Hyper: Hyperparameter Robust Efficient Exploration in Reinforcement Learning
Yiran Wang, Chenshu Liu, Yunfan Li, Sanae Amani, Bolei Zhou, Lin F. Yang
TL;DR
Hyper addresses the hyperparameter sensitivity of curiosity-driven exploration in reinforcement learning by introducing a repositioning-based framework that decouples exploration from exploitation and regularizes exploration visitation. The algorithm, including a provably efficient Linear-UCB-Hyper variant, provides theoretical efficiency under linear MDP assumptions and demonstrates strong empirical robustness across diverse tasks, maintaining good performance across wide ranges of the curiosity coefficient $\beta$. By isolating task learning from exploration and truncating the repositioning length with a bounded geometric distribution, Hyper mitigates instability due to large intrinsic rewards and distribution shift. Empirically, Hyper matches or surpasses TD3, Curiosity, and Decouple baselines in both exploration-heavy and sparse-reward tasks, with notably reduced sensitivity to hyperparameters and improved stability, highlighting its practical impact for robust exploration in RL.
Abstract
The exploration \& exploitation dilemma poses significant challenges in reinforcement learning (RL).
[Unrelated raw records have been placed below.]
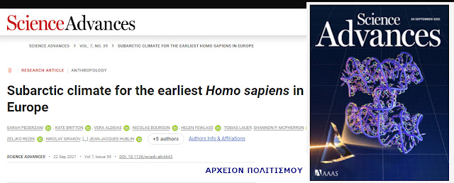 Early Homo sapiens groups in Europe faced subarctic climates – New insights into the climatic backdrop for an early wave of dispersal of our species into Europe during the last glacial period” στο Ινστιτούτο Max Planck for Evolutionary Anthropology του Aberdeen, 22.9.2021. ΑΡΧΕΙΟΝ ΠΟΛΙΤΙΣΜΟΥ, 23.9.2021.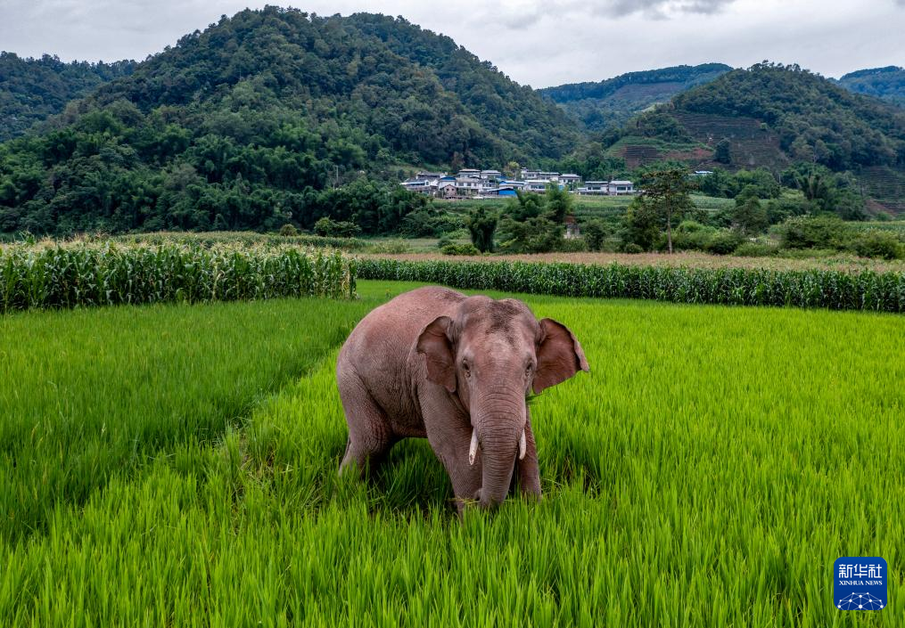 19日、田んぼで餌を食べるアジアゾウ。(普洱=新華社記者/費茂華)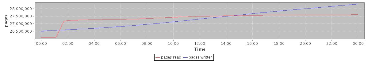 avg(pages read) = 27374268.98 avg(pages written) = 27337927.82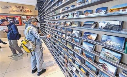 游客在“天上西藏”主题邮局布达拉宫店选购明信片。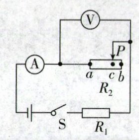 14.如图所示,电源电压恒定.闭合开关 S 后,滑动变阻器的滑片 P 由右侧 b 端移到 c 点的过程中,电压表的示数由 4V 变为 3V,电流表的示数由 0.2A 变为 0.3A,则(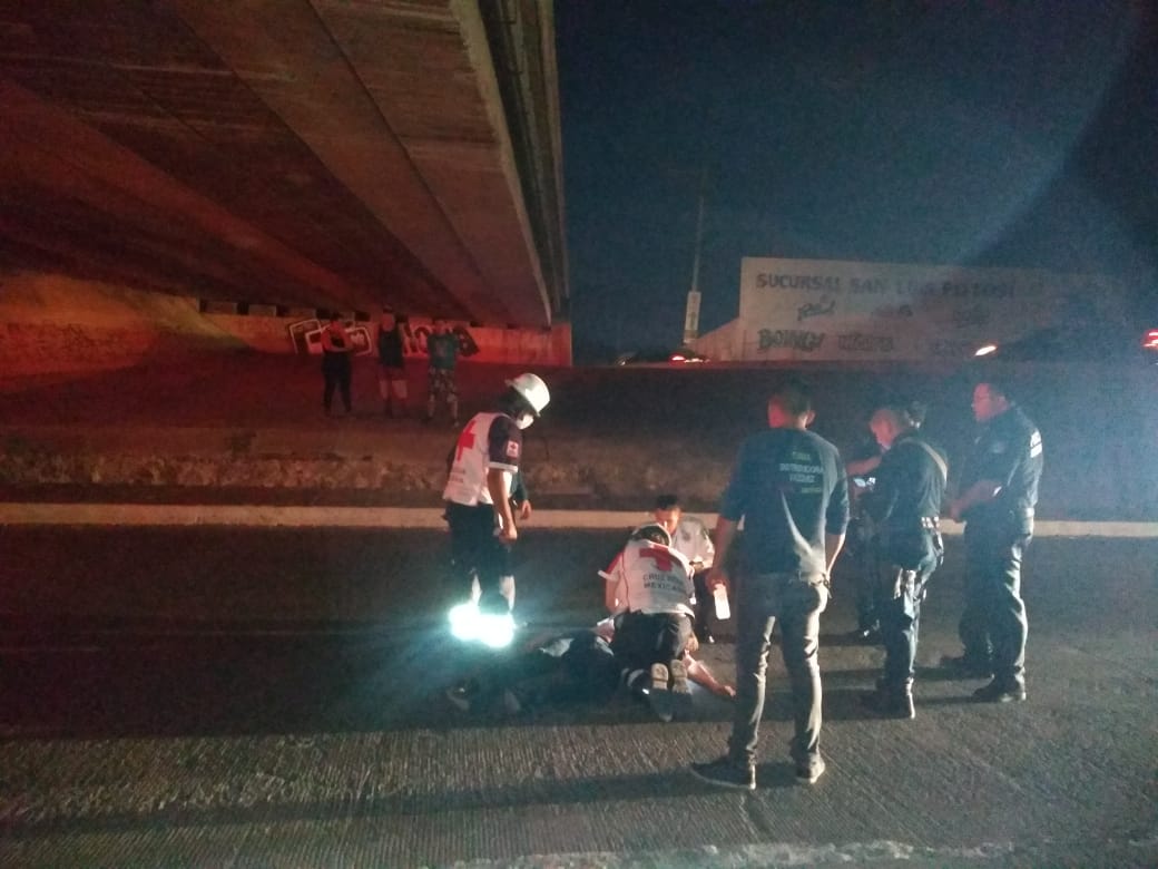 Por resistirse a ser despojado de sus pertenencias de valor, un hombre fue apuñalado y él, para tratar de evitar que le robaran sus pertenencias, se lanzó de lo alto del puente, ubicado en Circuito Interior y carretera a Matehuala. Los criminales causantes del hecho, se dieron a la fuga. La víctima fue auxiliada por algunas personas que el vieron caer y llamaron al 911 de atención a emergencias.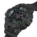 Перед вами редкие лимитированные джишоки 2024 года в черном матовом полимерном корпусе GA-700 с яркими неоновыми деталями циферблата! Практичная и функциональная модель в чёрном цвете имеет полимерный ударопрочный корпусУдаропрочный корпусМеханизм заключён в корпус, выполненный из современных материалов, устойчивых к ударам, механическим повреждениям и падению с высоты: инновационный пластик, карбон, нержавеющая сталь, титан., которому не страшны повреждения и падения с высоты. Высокоточный кварцевый механизм японского производства. Эксплуатационный срок батарейки - 5 лет. Яркая автоматическая светодиодная подсветкаСветодиодная подсветкаСветодиодная или LED-подсветка обеспечивает появление яркого холодного свечения за счёт LED-элементов - маленьких лампочек. Они потребляют минимальное количество энергии, чаще всего можно встретить 1 светодиод, в нижней части циферблата. белого цвета. Минеральное стеклоМинеральное стеклоМинеральное стекло представляет собой искусственно выращенный минерал кварца. Такое стекло отличается особой устойчивостью к повреждениям и царапинам. Уступает по некоторым качествам сапфировому стеклу. устойчивое к появлению царапин, обладающее высокой прозрачностью. Водонепроницаемость: 200 метров, позволит плавать, нырять и заниматься другими водными видами спорта. 12/24-часовая система отображения времени. Прочный пластиковый ремешок. ХронографХронографФункция позволяет измерять отрезки времени с особой точностью: часы, минуты, секунды. Верным признаком хронографа является наличие на циферблате 3 дополнительных окошек-счётчиков., секундомер, таймер, мировое времяМировое время Полезное часовое усложнение, отображающее время в основных городах и известных областях по всему миру, оно связано с часовыми поясами, удобно для путешественников и бизнесменов. , 5 будильников, UTCUTCВсемирное кординационное время, не имеющее привязки к географическому положению Гринвича, основывается на атомном отсчёте времени. Регулировка времени осуществляется более точно, чем устаревшее GMT.

Recently, curiosity-based exploration methods achieved great success in tackling hard-exploration problems. However, they necessitate extensive hyperparameter tuning on different environments, which heavily limits the applicability and accessibility of this line of methods. In this paper, we characterize this problem via analysis of the agent behavior, concluding the fundamental difficulty of choosing a proper hyperparameter. We then identify the difficulty and the instability of the optimization when the agent learns with curiosity. We propose our method, hyperparameter robust exploration (\textbf{Hyper}), which extensively mitigates the problem by effectively regularizing the visitation of the exploration and decoupling the exploitation to ensure stable training. We theoretically justify that \textbf{Hyper} is provably efficient under function approximation setting and empirically demonstrate its appealing performance and robustness in various environments.